Tabarin, lui, le principal personnage, était coiffé d’un bonnet d’Arlequin, vêtu d’une souquenelle et d’un ample pantalon. À sa ceinture était pendue une batte d’Arlequin. Il fléchissait les genoux en y portant les deux mains. Sa figure était recouverte d’un masque.

Et que faisaient ces deux intéressants personnages ?

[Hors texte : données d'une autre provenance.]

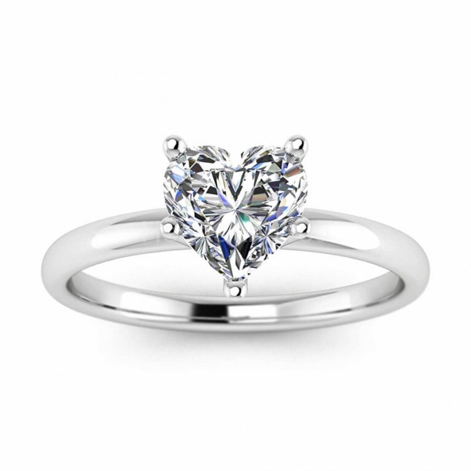 1.2ct Heart Cut Simulated Diamond 6-Prong Solitaire Ring 14k White Gold Plated

Tabarin apparaît sur la scène, tréteau ouvert de tous côtés. Il joue le rôle d’un niais et pose à son maître des questions aussi sottes que difficiles. Mondor résout doctoralement ces questions dans des termes scientifiques auxquels personne ne comprend le premier mot. Tabarin, jamais satisfait des réponses du savant, donne des solutions toutes différentes, et plus abracadabrantes les unes que les autres. Mondor rétorque en traitant Tabarin de gros âne, de maraud et de qualificatifs « ejusdem farinae. »

Et voilà tout le mécanisme des scènes que ce charlatan et son valet jouèrent sur leur théâtre durant nombre d’années, et qui y attirèrent toutes les classes de Paris.

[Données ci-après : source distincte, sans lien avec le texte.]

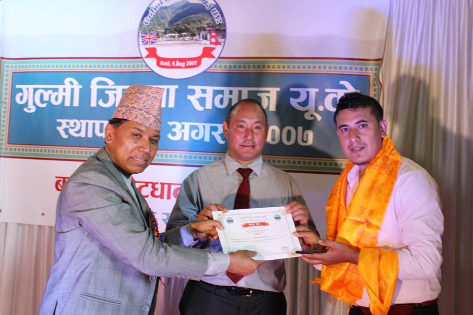 प्रमुख अतिथी समाजका संस्थापक अध्यक्ष ओमप्रसाद थापाले,बेलायतका विभिन्न स्थानमा बसोबास गर्ने गुल्मेलिलाई एकै थलोमा जमघट र नेपाली कला संस्कृति संरक्षण गर्नु समाजको उद्देश्य रहेको जनाउंदै सहभागी सबैमा धन्यवाद व्यक्त गरे ।

Naturellement, il y avait un autre personnage, le plus important celui-là, le grand premier rôle, dirions-nous. C’était le plus souvent une femme, assise à l’arrière-plan, coiffée d’une toque éclatante ornée de plumes. Devant elle, était un grand coffret, ouvert, rempli de pots ou boîtes de baume et d’onguent.

Gaston s’amusait immensément de la mimique et des bouffonneries de Tabarin. Il battait des mains et riait d’un rire qui tintait agréablement aux oreilles de ses voisins comme des clochettes d’argent.

La représentation finie, le comte d’Yville, qui n’était pas sans inquiétude, à cause de la foule qui se ramassait sur le Pont-Neuf, voulut ramener l’enfant chez lui. Mais ce dernier demanda avec tant d’instance d’aller voir les attractions du Pont-Neuf que son père ne put résister à son désir.

Ils étaient là depuis quelques minutes quand, soudain, comme une tempête qui s’élève au milieu d’un grand calme, le Pont-Neuf se couvrit d’un attroupement d’ouvriers et de vagabonds qui se bousculaient pour gêner la circulation des passants.

À cette vue, le comte d’Yville eut l’appréhension de ce qui allait se passer.

Il tenait son enfant par la main.

Pour plus de sûreté, il le prit dans ses bras, et le tint étroitement serré contre sa poitrine.

Il voulait fuir.

Malheureusement, il était trop tard.

À ce moment même, le carrosse de la duchesse d’Elbeuf traversait le pont suivi de plusieurs autres voitures de seigneurs.

Les carrosses sont, en un clin d’œil arrêtés, pillés, mis en pièces.

Le comte d’Yville est emprisonné dans la foule.

Ses vêtements sont en lambeaux.

La foule ameutée crie, hurle, rage.

Femmes et enfants sont foulés aux pieds.